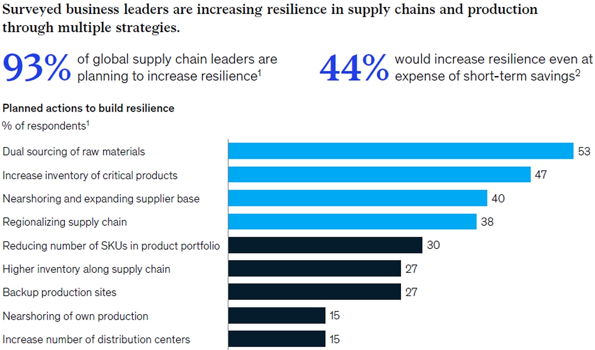 A McKinsey survey conducted in May found that 93% of respondants plan to increase resilience. Top strategies were dual sourcing of raw materials (53%), higher inventories (47%), nearshoring (40%) and regionalizing supply chains (38%).
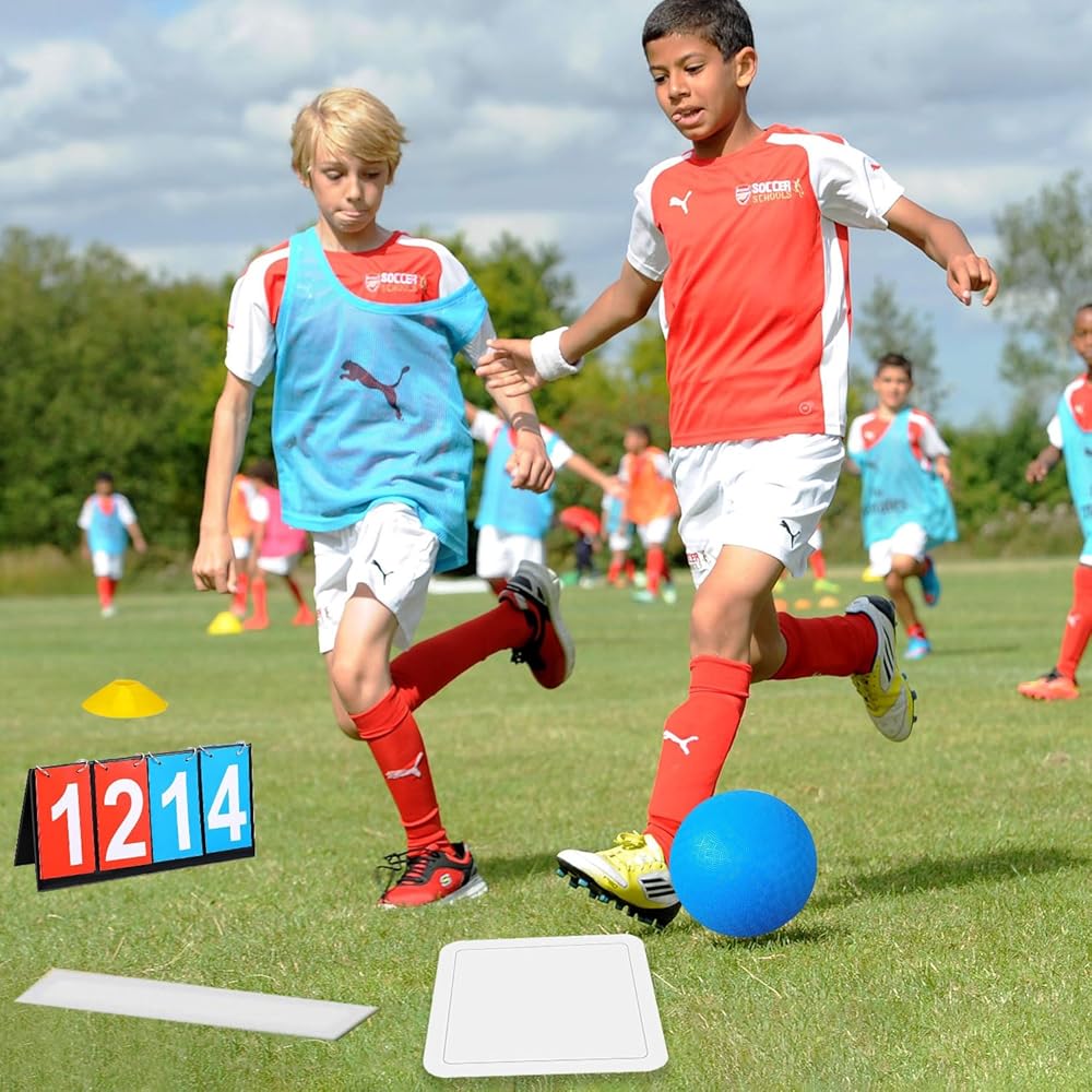PRACTICAL ACCESSORIES: For our scoreboard, it's convenient as a reminder of sports game process and easily keep track of the game's progress with white numbers against the blue and red background can be more obvious to audience. And we can apply the air pump to keep the ball in the ideal shape.
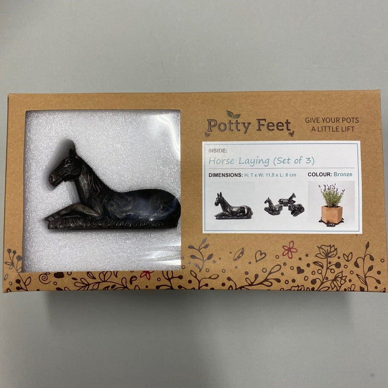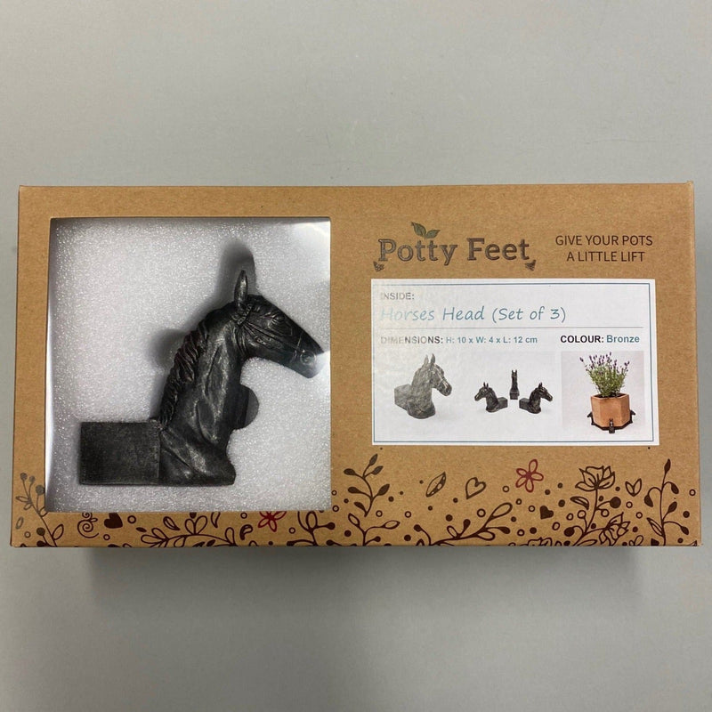 This Set of Three Sitting Horse Potty Feet is super charming and will give your plant pots a little lift perfect for preventing water logging. The set of three bronze coloured sitting horses slide easily under the bottom of your pots for a fun and equestrian twist on your garden pots. Also available in a horse head design, these potty feet are a best seller and make a perfect gift for any keen Equestrian gardener! Stock up now and make those plant pots stand out!
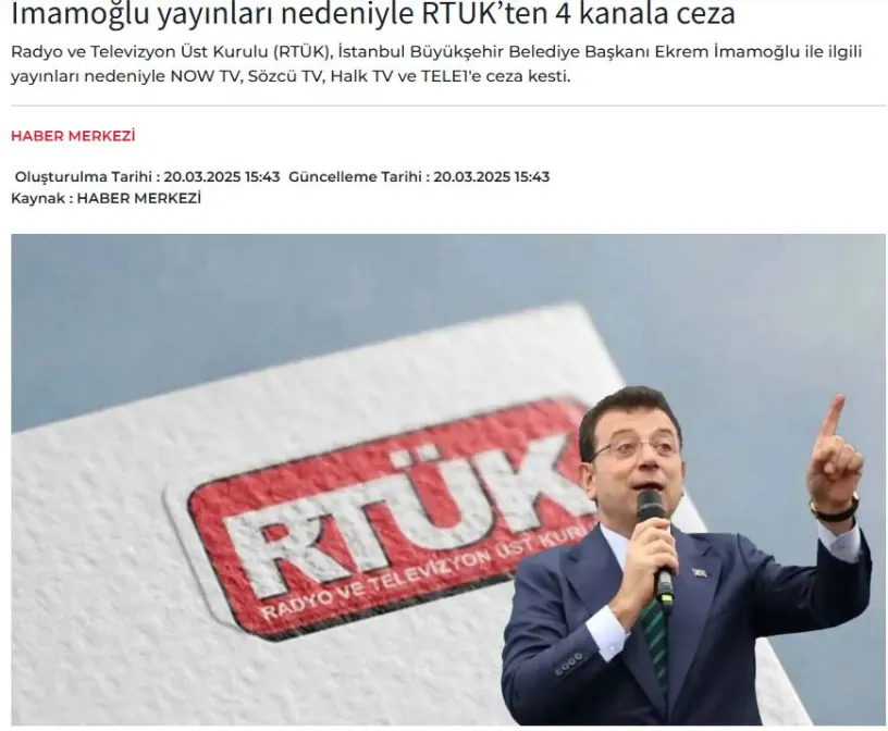 Το Ανώτατο Συμβούλιο Ραδιοφωνίας και Τηλεόρασης της Τουρκίας (RTÜK) επέβαλε πρόστιμο στα NOW TV, Sözcü TV, Halk TV και TELE1 για τις τηλεοπτικές εκπομπές τους σχετικά με τη σύλληψη του Δημάρχου του Μητροπολιτικού Δήμου της Κωνσταντινούπολης Εκρέμ Ιμάμογλου.

WORK ORDER: From the line holding "PRACTICAL ACCESSORIES: For" through the last line of the material above, each line should be written out exactly, both included; omit the pictures.

WORKED SOLUTION:
PRACTICAL ACCESSORIES: For our scoreboard, it's convenient as a reminder of sports game process and easily keep track of the game's progress with white numbers against the blue and red background can be more obvious to audience. And we can apply the air pump to keep the ball in the ideal shape.
 This Set of Three Sitting Horse Potty Feet is super charming and will give your plant pots a little lift perfect for preventing water logging. The set of three bronze coloured sitting horses slide easily under the bottom of your pots for a fun and equestrian twist on your garden pots. Also available in a horse head design, these potty feet are a best seller and make a perfect gift for any keen Equestrian gardener! Stock up now and make those plant pots stand out!
 Το Ανώτατο Συμβούλιο Ραδιοφωνίας και Τηλεόρασης της Τουρκίας (RTÜK) επέβαλε πρόστιμο στα NOW TV, Sözcü TV, Halk TV και TELE1 για τις τηλεοπτικές εκπομπές τους σχετικά με τη σύλληψη του Δημάρχου του Μητροπολιτικού Δήμου της Κωνσταντινούπολης Εκρέμ Ιμάμογλου.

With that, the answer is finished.